Here, claimant presented claimant presented the testimony of his treating physician, Lee Isabell, who stated that by March 2009, claimant suffered from significant muscle atrophy that rendered him
totally disabled, which he attributed to claimant’s Lyme disease. Claimant also presented the testimony of board-certified neurologist Samuel Koszer, who also opined that claimant’s progressive muscle weakness and consequent total disability was causally related to his Lyme disease. Finally, claimant introduced the testimony of his treating psychiatrist, Patricia Gerbarg, who indicated that claimant suffered from Lyme disease, which had prompted an autoimmune reaction that produced symptoms in claimant that resembled amyotrophic lateral sclerosis. However, Gerbarg further explained that claimant’s creatine phosphokinase levels had improved when treated with antibiotics, which established a connection between the infection and his muscle deterioration.
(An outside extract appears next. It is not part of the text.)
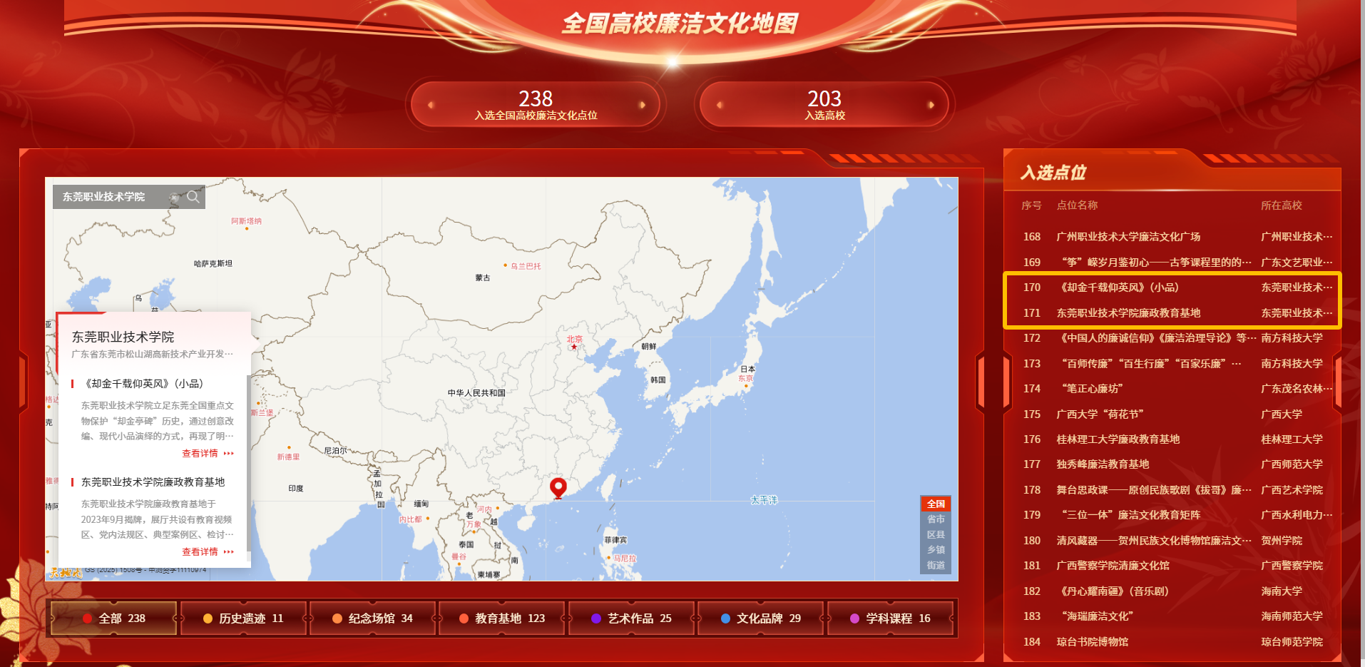 据了解,《清风印迹——全国高校廉洁文化地图》首次整合了全国高校的廉洁文化项目,是推动廉洁教育资源可视化、体系化的重要成果。此次成功入选2个点位,标志着我校深化新时代廉洁文化建设取得了新进展,“廉润东职”廉洁文化品牌建设获得突破性成果,有力推动了廉洁教育融入育人全过程,进一步形成了可复制、可推广的廉洁文化教育“东职模式”。

Finally, Gerbarg opined that claimant was suffering from anxiety and stress related to his diagnosis, as well as the interruption of his treatment for Lyme disease and other neuromuscular symptoms. Thus, while the carrier presented the opinions of several neurologists who could not state with certainty that claimant’s Lyme disease was the cause of his motor neuron disease, the Court found the Board’s determination to be supported by substantial evidence (see Matter of Bland v Gelman, Brydges & Schroff, 100 AD3d at 1291; Matter of Searchfield v Lowe’s Home Ctrs., Inc., 92 AD3d at 1040).